An OAM processing circuit 108 is implemented by, for example, a complex logic gate built by combining basic logic gates, or the like. Alternatively, the OAM processing circuit 108 can be implemented as a dedicated circuit such as an ASIC, or as a combination of an electric circuit and a program. In the present embodiment, similarly to the addition circuit 107, the OAM processing circuit 108 is provided to the transmission path-side network processing device including the NIC 104 and the I/O 106.


For the communication network NW according to the present embodiment, for example, a broadband network such as 100 Gbit Ethernet is used.


Operation of the Computation Node

First, operation of each computation node 1 with the above-described components will be described by using a flowchart in FIG. 10. In the following, a neural network model, inputs x, and part of weight parameters w are loaded beforehand into the storage unit 11.


First, the arithmetic operation unit 10 performs computation for part of the matrix multiplication in training of the neural network (step S1).


Next, when a partial arithmetic operation result obtained by the arithmetic operation unit 10 is stored in the storage unit 11 (step S2: YES), the OAM processing section 122 sets a flag in an OAM packet received by the reception section 120 from one of the other computation nodes 1 (step S3). When a partial arithmetic operation result computed at the own node is not obtained (step S2: NO), the arithmetic operation in step S1 is performed (step S1). In such a case, the OAM processing section 122, even if an OAM packet is received by the reception section 120 from the one of the other computation nodes 1, does not set a flag and transfers the OAM packet to one of the other computation nodes 1.


Next, from values of the respective flags for the computation nodes 1 indicated by the OAM packet received by the reception section 120, the OAM processing section 122 detects completion of the partial arithmetic operation by another computation node 1 that is involved with collective communication to be performed with the own node, and on an occasion when synchronization is completed (step S4: YES), the network processing unit 12 starts the collective communication (step S5).


For example, the OAM processing section 122 can start the collective communication, based on an instruction to start the collective communication from a computation node 1 designated as a master node.

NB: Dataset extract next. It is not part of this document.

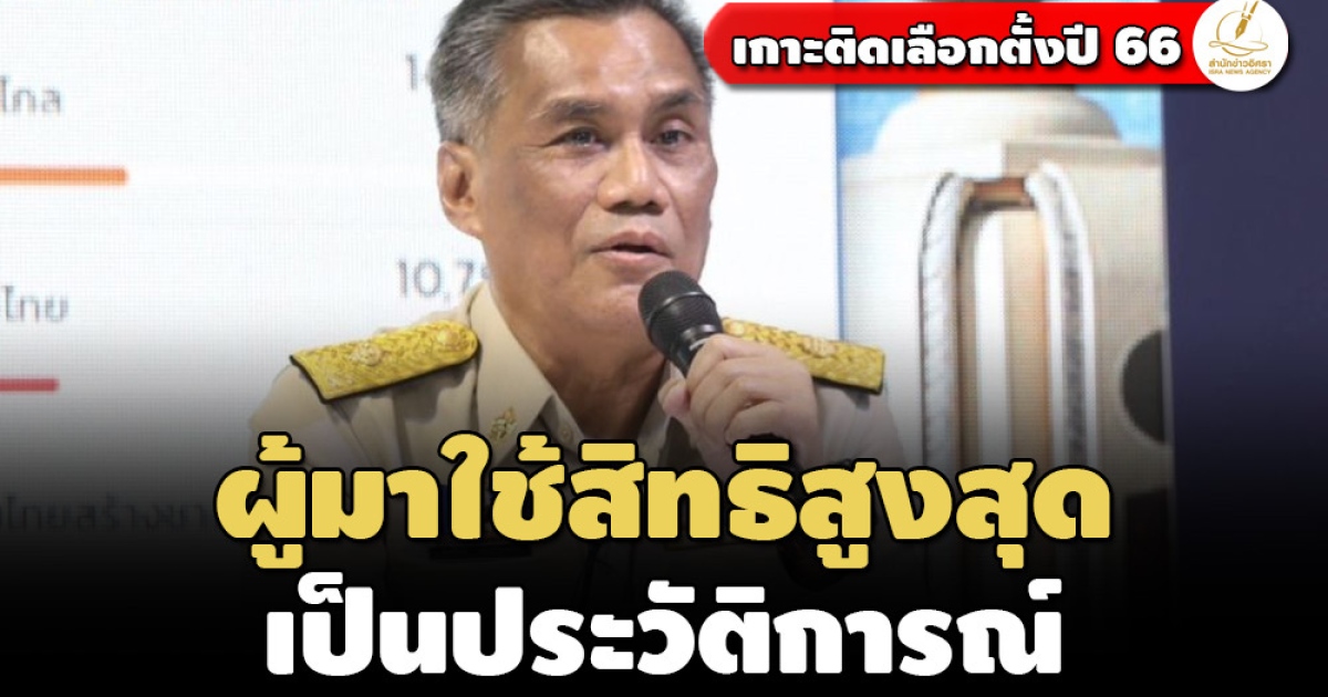 สำนักข่าวอิศรา (www.isranews.org) รายงานว่า เมื่อวันที่ 15 พ.ค. 2566 นายอิทธิพร บุญประคอง ประธานกรรมการการเลือกตั้ง (กกต.) แถลงสรุปภาพรวมการเลือกตั้งเมื่อวันที่ 14 พ.ค. 2566 อย่างไม่เป็นทางการ ล่าสุดการนับคะแนนเป็น 99% ว่า เมื่อวานนี้ มีผู้ใช้สิทธิ 39,293,867 คน จากผู้มีสิทธิฯ 52,238,594 คน คิดเป็น 75.22% ซึ่งเป็นการจัดเลือกตั้งครั้งที่ 7 และพบตัวเลขผู้ใช้สิทธิสูงสุดเป็นประวัติการณ์ โดยปี 2562 มีจำนวนผู้ใช้สิทธิเฉลี่ย 74.87% เป็นตัวเลขที่น่ายินดี สะท้อนให้เห็นความตั้งใจในการเข้ามามีส่วนร่วมทางการเมือง

As described above, the distributed deep learning system is an OAM packet-based synchronized system, and for example, depending on flag states in an OAM packet indicating that the partial arithmetic operations are completed at all of the computation nodes 1-1 to 1-3, each computation node 1 can share the partial arithmetic operation result obtained by the own node with the other computation nodes 1 by performing collective communication. In such a case, each of the computation nodes 1-1 to 1-3 stores the partial arithmetic operation result computed by the own node in the storage unit 11 until the flag values in the OAM packet received at a constant cycle indicate that the partial arithmetic operations are completed at all of the computation nodes 1-1 to 1-3.

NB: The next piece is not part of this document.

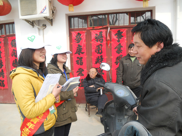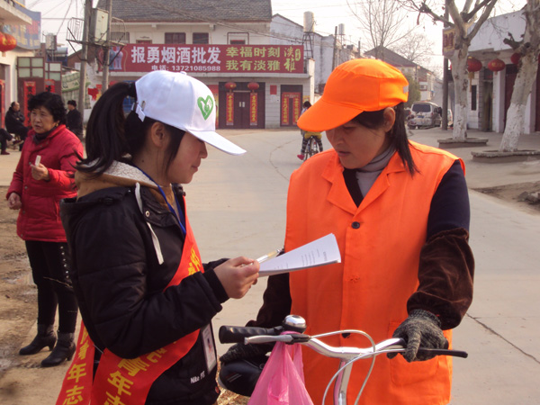 志愿者一行人回到村委会,开会布置下午的“重头戏”——问卷调查和口头宣讲。下午3时,口头宣讲组成员将事先准备好的问卷和宣传材料进行挨家挨户的宣传,由于在家的多是中老年人,说的都是方言,偶尔还会有不认识的字,沟通就显得尤为困难了,但是志愿者们走进农家,用亲切的语气,和善的笑容,积极克服困难,让所有村民都微笑着请他们到家里坐坐,获得第一手的材料整理写成调研报告。将近3个小时的走访,整条街道到处都有他们的身影,白色的帽子,红色的绶带成了街上一道独特的风景线。

Note that even in the synchronized system, it is not necessary to wait until computation by the arithmetic operation unit 10 is completed at all of the computation nodes 1-1 to 1-3, and for example, completion of the partial arithmetic operations by some computation nodes 1 included in the distributed deep learning system may be an occasion, depending on the states in the OAM packet, in some cases.


For example, in the examples shown in FIGS. 2 to 5, since h2 can be calculated when computation is completed at the computation node 1-1 and the computation node 1-2, collective communication may be started without waiting for completion of computation at the computation node 1-3, in some cases.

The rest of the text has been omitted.